Data for processing
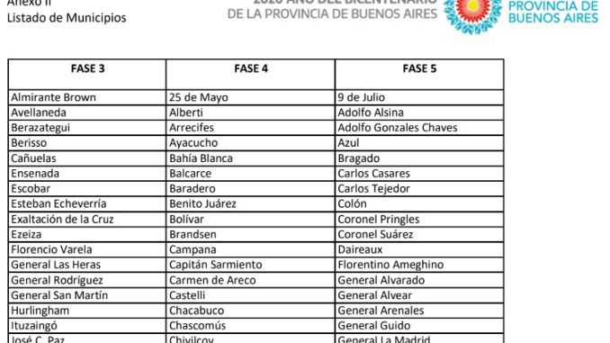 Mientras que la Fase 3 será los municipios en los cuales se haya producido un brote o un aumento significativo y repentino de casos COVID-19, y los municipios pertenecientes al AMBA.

==

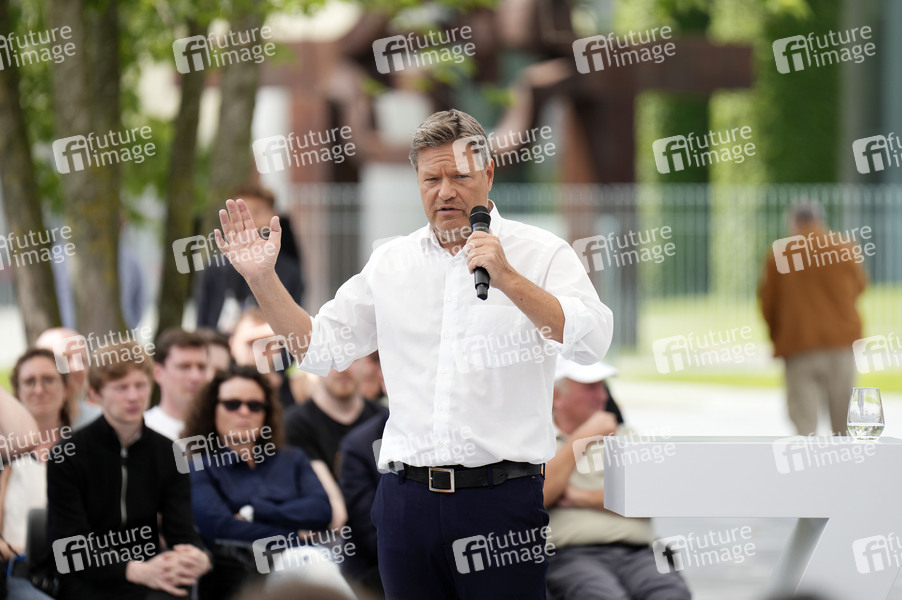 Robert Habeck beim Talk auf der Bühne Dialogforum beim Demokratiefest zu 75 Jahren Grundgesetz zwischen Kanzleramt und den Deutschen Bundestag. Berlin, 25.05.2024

---

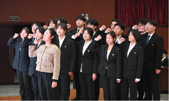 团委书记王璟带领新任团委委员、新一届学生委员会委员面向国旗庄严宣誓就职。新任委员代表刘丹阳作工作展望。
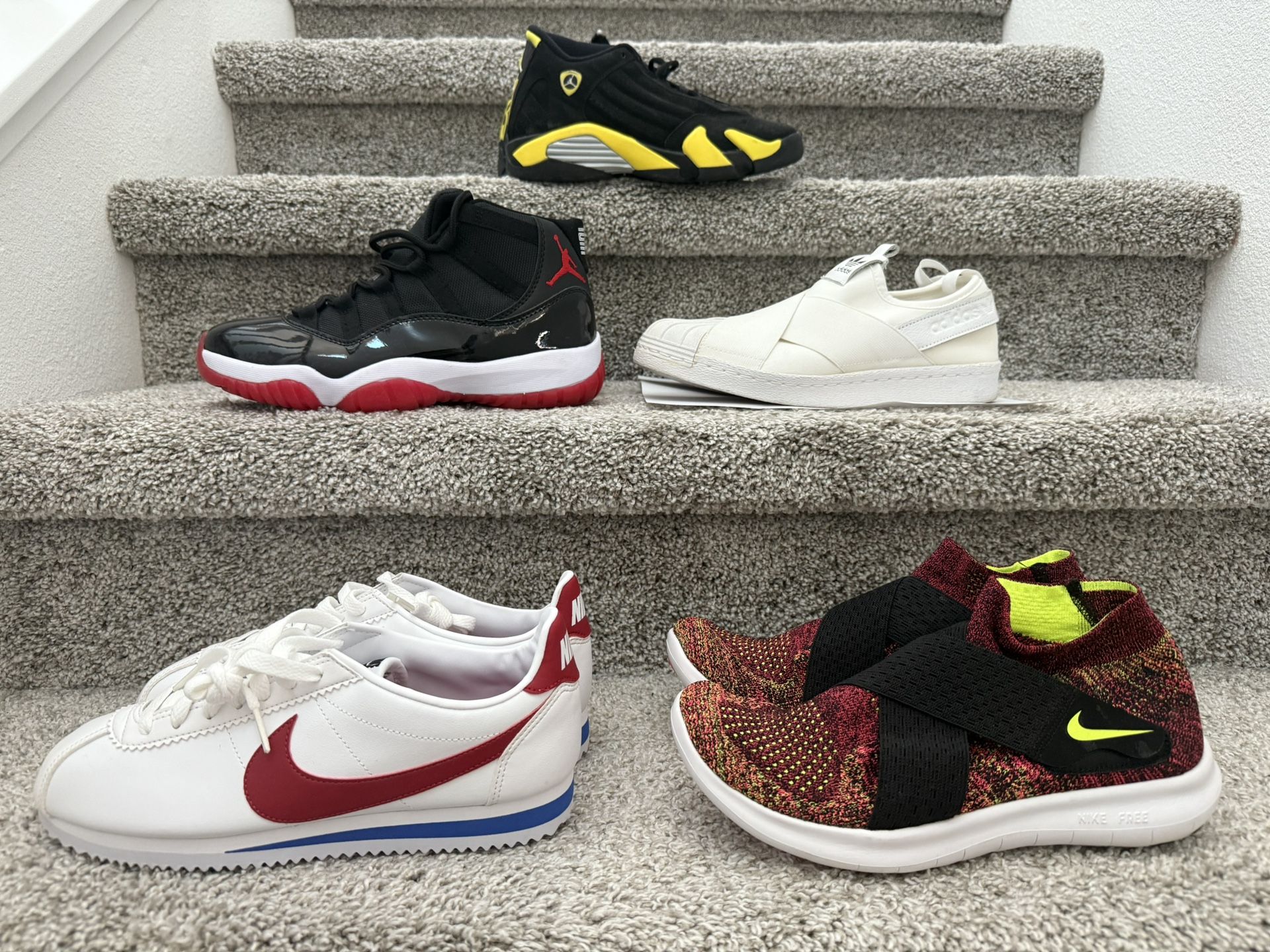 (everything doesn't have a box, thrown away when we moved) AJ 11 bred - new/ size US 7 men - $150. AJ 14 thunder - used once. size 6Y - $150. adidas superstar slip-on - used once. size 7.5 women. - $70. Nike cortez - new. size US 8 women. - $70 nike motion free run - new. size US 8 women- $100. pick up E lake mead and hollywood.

Exercise prompt
In the listing above, find the line containing "团委书记王璟带领新任团委委员" and the line containing "(everything doesn't have". Print those two lines and every line between them exactly, with no pictures.

Expected answer
 团委书记王璟带领新任团委委员、新一届学生委员会委员面向国旗庄严宣誓就职。新任委员代表刘丹阳作工作展望。
 (everything doesn't have a box, thrown away when we moved) AJ 11 bred - new/ size US 7 men - $150. AJ 14 thunder - used once. size 6Y - $150. adidas superstar slip-on - used once. size 7.5 women. - $70. Nike cortez - new. size US 8 women. - $70 nike motion free run - new. size US 8 women- $100. pick up E lake mead and hollywood.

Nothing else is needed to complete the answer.